What this task involves: With pictures left out, please repeat word for word the lines from the one containing "2年生がダンスを披露したり、縦割り班で、校長先生と筋肉ジャンケンしたり、" through the end of the records.

The data:
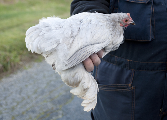 Dverghønene til Stokka har forskjellige fargar på fjæra, og den lysaste av dei, den perlegrå, legg egga med den lysaste nyansen av brunt.
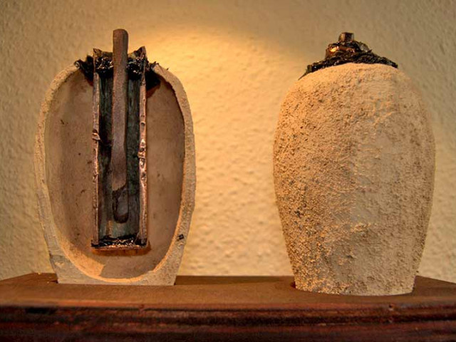 Это глиняный сосуд высотой около 13–15 см , запечатанный асфальтом. Внутри — медная трубка , а внутри неё — железный стержень , отделённый от меди восковой пробкой.
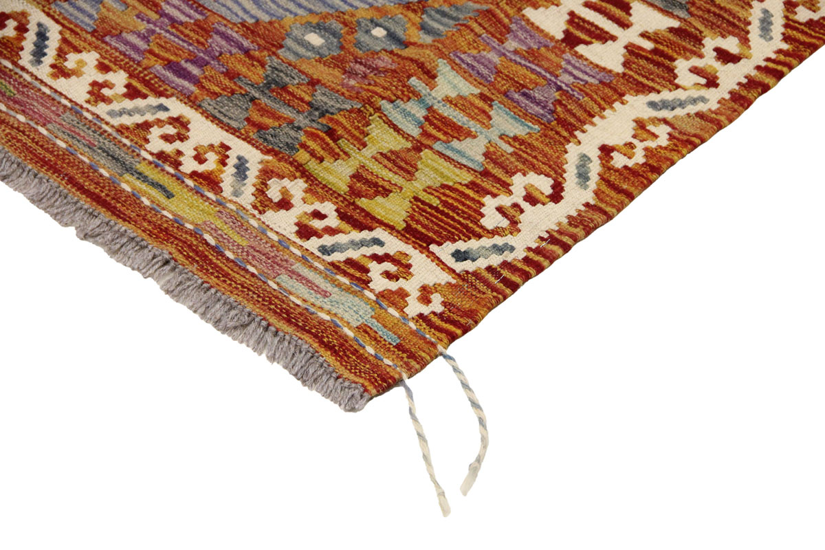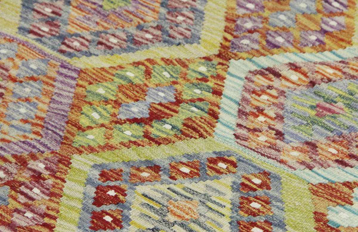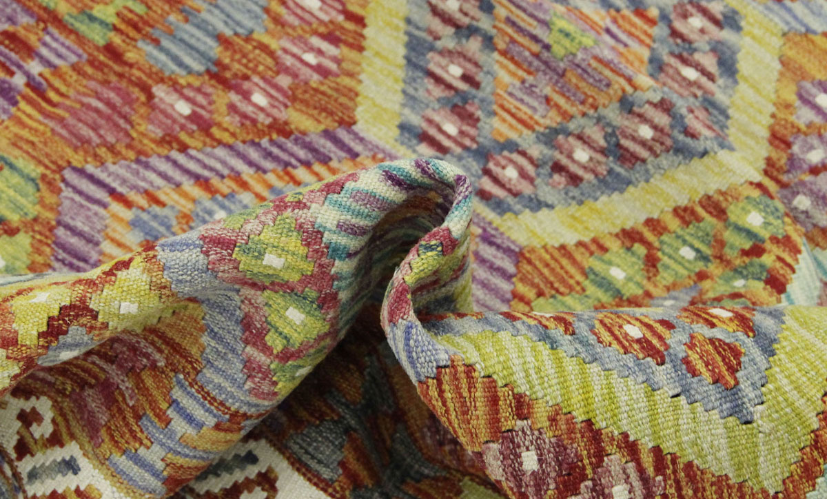 Motivi uključuju geometrijske oblike, stilizirane cvjetne elemente i povijesne ornamentalne uzorke koji su stoljećima prisutni u afganistanskoj tradiciji izrade tepiha. Zahvaljujući bogatoj ornamentici i skladnom rasporedu motiva, ovaj kelim predstavlja dekorativan element koji se lako uklapa u različite tipove interijera.
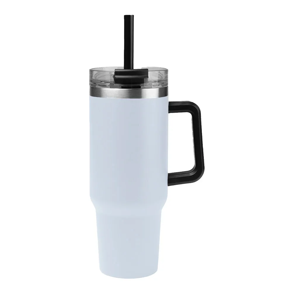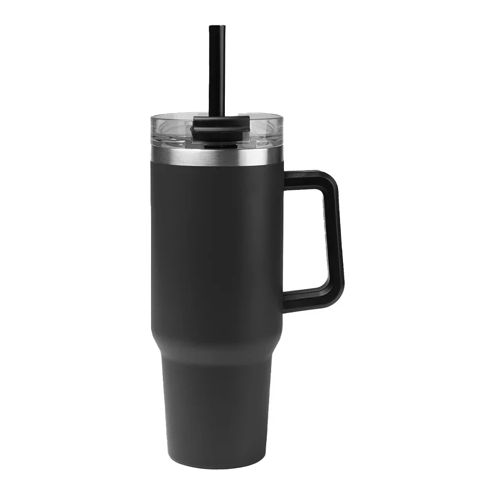Personalized 40-oz. Tumbler: Double-walled stainless steel; Powder-coated finish; Sturdy carry handle; Vacuum insulated; Keeps drinks cold up to 24 hours and hot up to 8 hours; Screw-on, spill-resistant lid with straw hole; 12" reusable straw included; Eco friendly; Reusable; BPA free; Meets FDA requirements; Note: Hand wash recommended
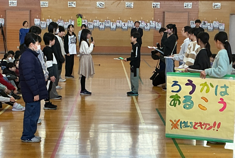 2年生がダンスを披露したり、縦割り班で、校長先生と筋肉ジャンケンしたり、
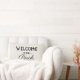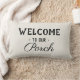 Welkom bij onze Porch aangepaste tekst rustieke Lumbale kussen zwarte tekst, off witte achtergrond

Problem solution:
 2年生がダンスを披露したり、縦割り班で、校長先生と筋肉ジャンケンしたり、
 Welkom bij onze Porch aangepaste tekst rustieke Lumbale kussen zwarte tekst, off witte achtergrond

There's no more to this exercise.